Eustache described the film as a "narrative of certain seemingly innocuous acts. It could be the narrative of entirely different acts, in other places. What happens, the places where the action unfolds, have no importance...My subject is the way in which important actions situate themselves in a continum of innocuous ones. It's the description of the normal course of events without the schematic abbreviation of cinematographic dramatization."
The Mother and the Whore is considered Eustache's masterpiece, and was called the best film of the 1970s by Cahiers du cinéma. It won the Grand Prix of the Jury and the FIPRESCI prize at the 1973 Cannes Film Festival. The film created a scandal at the Cannes Film Festival, as many critics saw the film as immoral and obscene or, in the words of the broadsheet Le Figaro, "an insult to the nation", while Télé-7-Jours called it a "monument of boredom and a Himalaya of pretension". On its initial run the film sold over 343,000 tickets in France.
After gaining little public recognition despite receiving praise throughout the years from critics and directors, such as François Truffaut and other members of the French New Wave, Eustache became an overnight success and internationally famous after the film's Cannes premiere. He soon financed his next film. The critic Dan Yakir said that the film was "a rare instance in French cinema where the battle of the sexes is portrayed not from the male point of view alone". James Monaco called it, "one of the most significant French films of the 1970s". Jean-Louise Berthomé said, "I am not sure that La mama et la putain, with its romances of a poor young man of 1972, doesn't say something new." Pauline Kael praised the film, saying it reminded her of John Cassavetes in its ability "to put raw truth on the screen - including the boring and the trivial". Jean-Louis Bory of Le Nouvel Observateur gave the film a negative review, calling the film misogynist and criticizing the characterization of Alexandre.

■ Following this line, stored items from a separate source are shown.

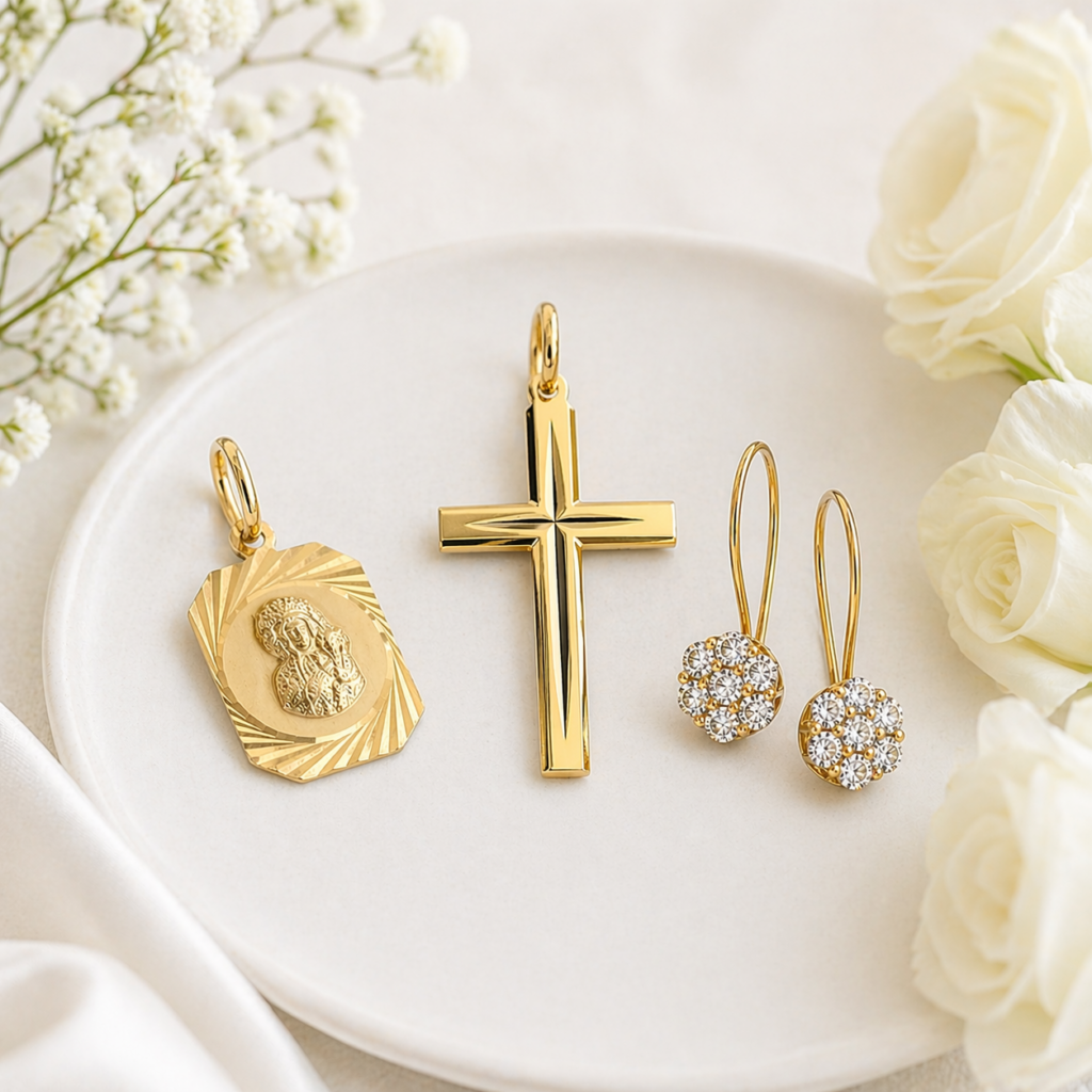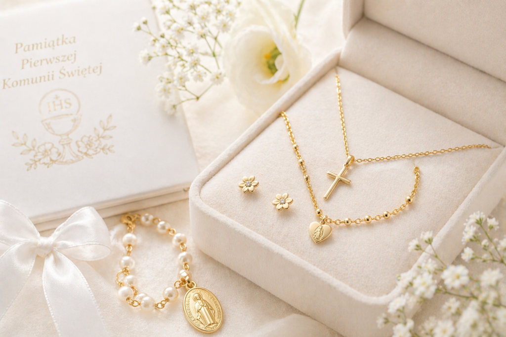 Złota biżuteria to najczęściej wybierany prezent komunijny i nie bez powodu. Jest elegancka, trwała i ma ogromną wartość symboliczną.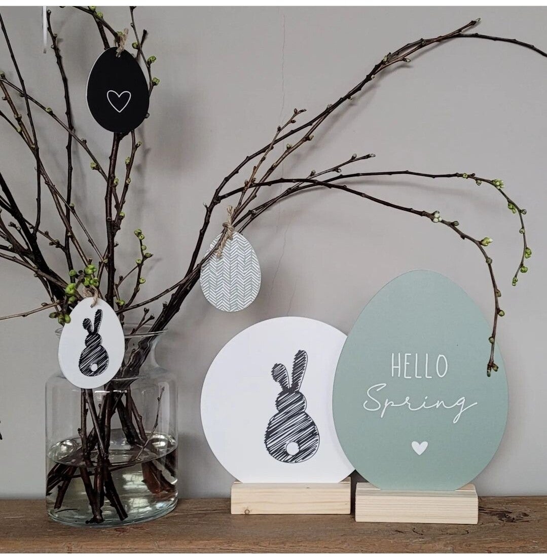 Setje Groene hangers in de vorm van een ei voor in de Paastakken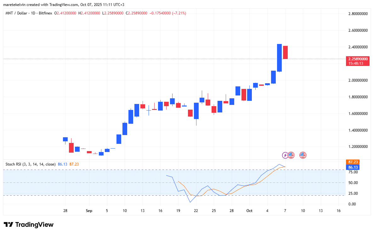 The stochastic RSI on TradingView showed values ​​close to 87, as of writing, deep into the peak zone. After an 11% daily jump, MNT was trading at $2.25, just below its high of $2.41.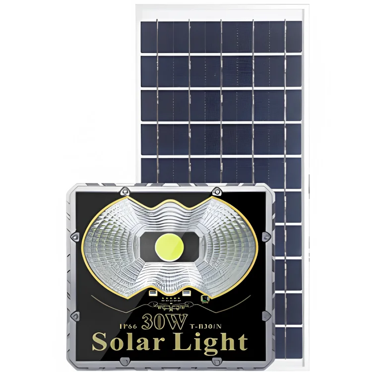 REFLECTOR SOLAR LED 30W / BATERIA DE LITIO /450 Lm / IP 65 /40m3/ T.C. 5H / T.D. 12 H / PROTECCION CONTRA RAYOS / PANTALLA DE POTENCIA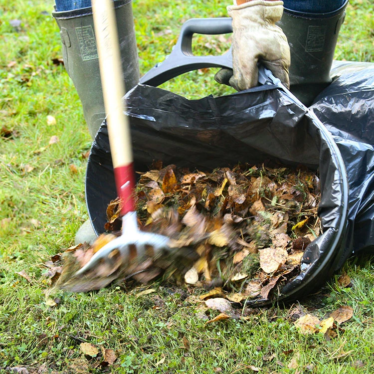 Den bærbare holder til affaldssække holder din 125 liters affaldspose frem og gør det nemt at fylde den med blade og haveaffald. Poseholderen er formet og ligger fladt mod jorden og gør det lettere at opsamle græs, kviste, blade og grene.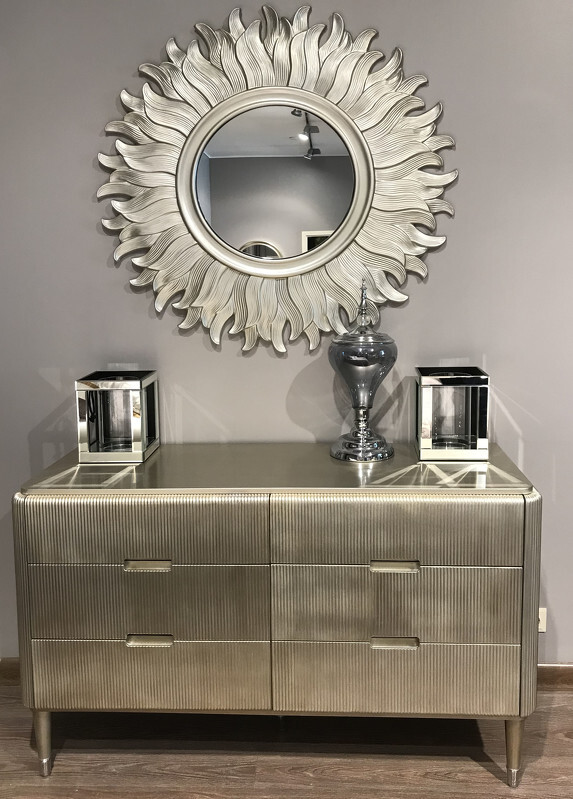 Широкий и вместительный комод от итальянского бренда Fratelli Barri. Закругленная форма и рифленые фасады выглядят очень актуально. Ножки прямые круглые, зауженные к низу. На ножках металлические колпачки. У комода 6 ящиков. Скрытые направляющие. Ручка - выемка на фасаде. Отделка - лак, цвет - патинированное серебро. Выполнен из массива дерева и высококачественного МДФ класса Е1. Цвет фурнитуры - хром. Ящики оснащены доводчиками для плавного закрывания. Дно ящиков декорировано черной бархатной тканью. Корпус ящиков - белого цвета. Данный предмет является частью коллекции Rimini. Вы можете оформить гостиную, столовую, спальню, кабинет и другие комнаты Вашего дома в едином стиле.

The film's reputation increased over time. In 1982 the literary magazine, Les Nouvelles Littéraires, celebrated the tenth anniversary of the film by publishing a series of articles on it.

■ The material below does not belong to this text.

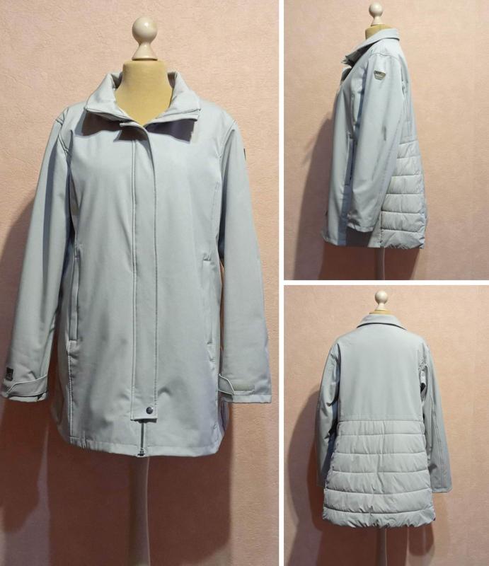 Жіноча подовжена демісезонна куртка, бренд ЕР (Фінляндія). Гарної якості фірмова жіноча куртка базового кольору з водовідштовхувальної тканини. Цікаве пошиття куртки. Спереду спортивний стиль, ззаду жіночна подовжена стьобана частина з іншої тканини тонша, яка не потовщує фігуру. Всередині куртки протягнута куліска, якою можна регулювати талію. Застібається на замок і кнопки. Продається без капюшона. Розмір 54-56. Довжина 76-84 см. Довжина рукава 66 см. Напівобхват грудей 62 см. Напівобхват талії 60 см. Напівобхват стегон 66 см. Ширина плечей 46 см.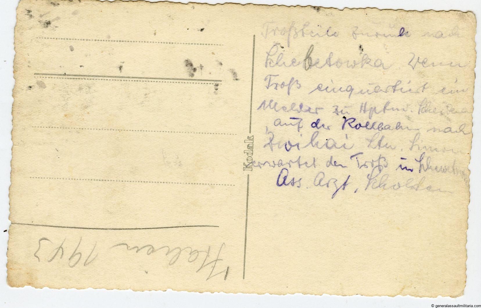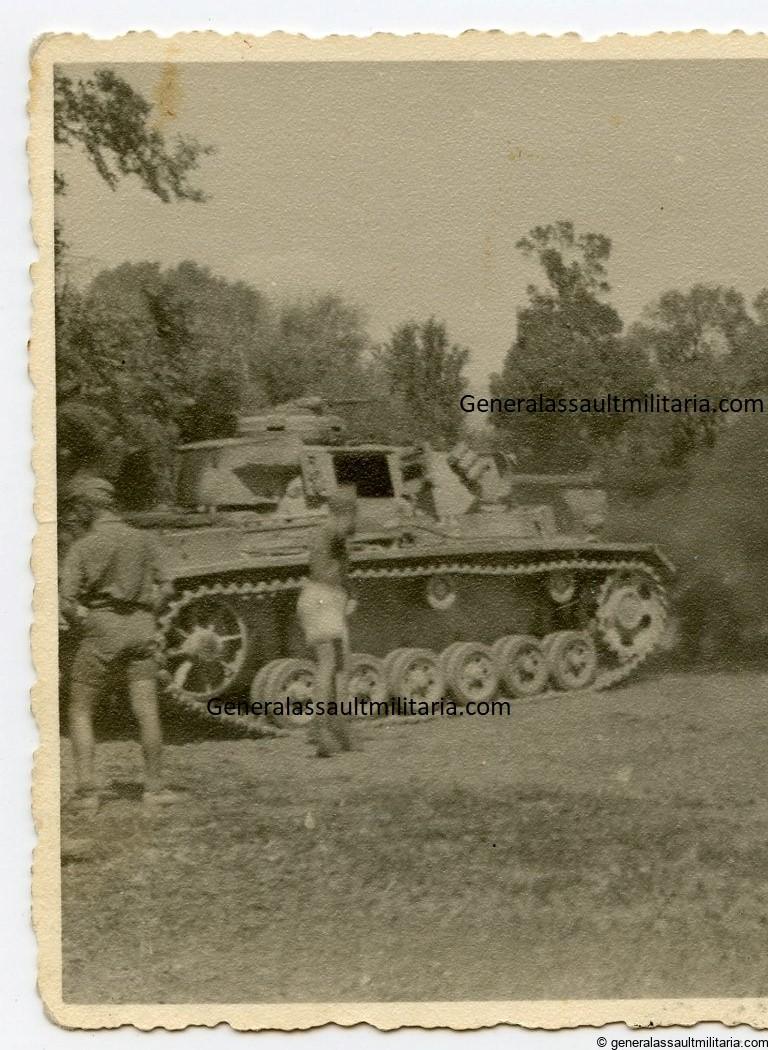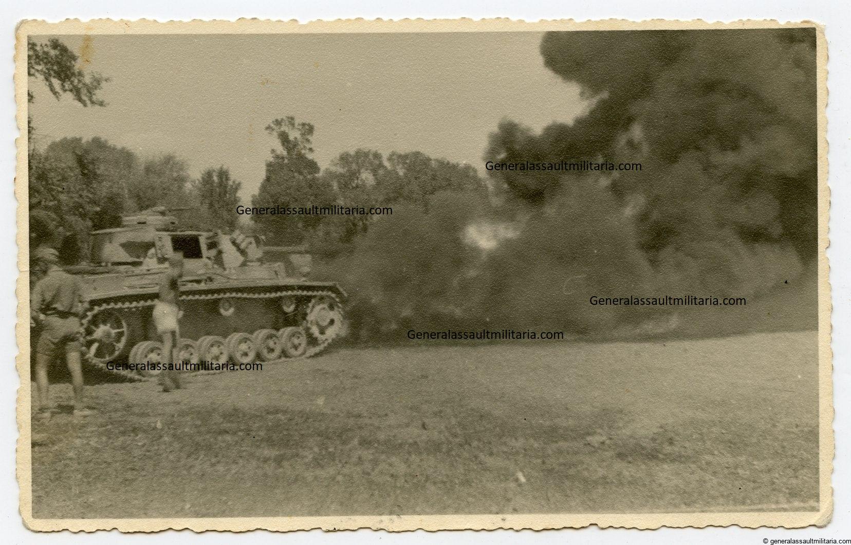 rare Flammpanzer III picture. Postcard size picture of a Flammpanzer III spraying flames. Period Kodak postcard paper and remains in used condition. Good quality portrait with Flammpanzer action in Italy, dated 1943.

It has been called one of the best films in French history by Jean-Michel Frodon and Jean-Henri Roger. Film director Olivier Assayas has especially praised the film and considers it an example of what to strive for in filmmaking. It was ranked the second greatest French film of all time by a poll of filmmakers.

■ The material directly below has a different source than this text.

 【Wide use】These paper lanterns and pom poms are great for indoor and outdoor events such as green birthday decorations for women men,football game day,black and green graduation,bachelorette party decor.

Andrew Johnston (critic), writing in Time Out New York, described his experience of viewing the film in 1999: “One of the great, if all-too-infrequent, pleasures of being a film critic is having your mind blown by a film you didn’t expect much from. Such an incident occurred in December 1997, when I was assigned to review Jean Eustache’s 1973 film The Mother and the Whore, then beginning a revival engagement at Film Forum. Yes, I’d heard that it was a classic of French cinema, but I wasn’t exactly thrilled at catching an early-morning screening of a three-hour-and-thirty-five-minute black-and-white foreign-language film that reportedly consisted of little more than people sitting around and talking. Frankly, I was a lot more excited about seeing Scream 2 that evening. Little did I know, as I eased into my seat, that I was in for one of the most memorable cinematic experiences of my life.”